Pinay Named UN Global Security and Disarmament Adviser

Congratulations are in order for my former prof, Carol Hernandez. Azteeeeegers :)

Breaking news from the Inquirer:
UNIVERSITY of the Philippines professor Carolina Hernandez has been invited to sit in the body advising the United Nations secretary general on global security and disarmament.

Hernandez, the political science professor who helped investigate the December 1989 coup and the July 2003 Oakwood mutiny, was appointed for a renewable two-year term, according to a letter sent Jan. 20 by UN Secretary General Kofi Anan.

The 64-year-old Hernandez said she has accepted the appointment.

"I am both flattered and intimidated by the appointment," she said.

Hernandez will fly to New York to formally accept the appointment and be introduced at the opening of a three-day session of the Advisory Board for Disarmament Matters this month.

As a member of the 22-person advisory board, Hernandez will advise Anan on arms limitation and disarmament and serve the board of trustees of the United Nations Institute for Disarmament Research.

The board meets twice a year for a three-day session each in New York and Geneva.

Hernandez is joining the UN body in a private capacity, not as a government representative. It is a non-paying job, but the UN takes care of transport and hotel expenses.

Anan's letter did not say how Hernandez came to be chosen.
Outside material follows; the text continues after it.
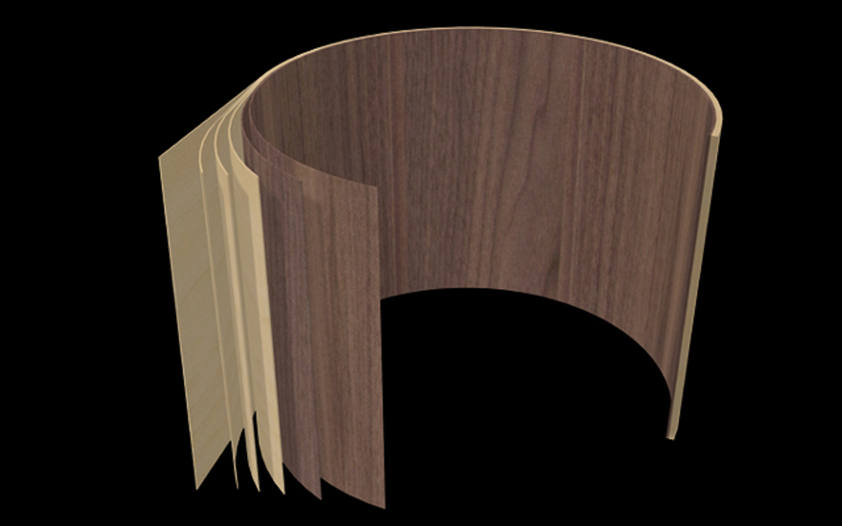 Korpusy bębnów basowych o grubości 8 mm - 5 warstw brzozy + 2 warstwy orzecha (American Black Walnut).

It said the advisory board was composed of "high-level personalities with knowledge and expertise in the field of disarmament and international security, drawn from governmental and non-governmental circles around the world."
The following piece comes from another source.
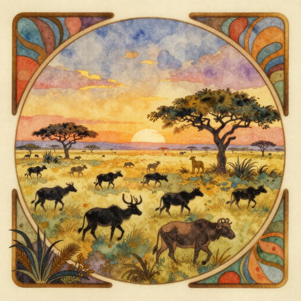Iconic oil painting of Serengeti National Park, Tanzania, with wildlife herd in the foreground, impressionistic style. Energetic brush strokes, sunset reflections on water, golden hour lighting, intricate details, directional soft lighting, highly detailed.

Hernandez graduated cum laude with a degree in foreign relations from the UP.

She studied political philosophy at the Duke University in North Carolina and also pursued advanced studies at the State University of New York in Buffalo.

There, she wrote a paper on civil-military relations in the Philippines and its implications for the country's political development, which found its way into the hands of martyred opposition leader Benigno Aquino Jr. who was then living in exile in Boston. Aquino flew to San Francisco, California, in April 1983 to meet Hernandez.

Aquino cited Hernandez's paper when he reported on the atrocities of the Marcos regime before the US congressional committee headed by Democratic Representative Stephen Solarz.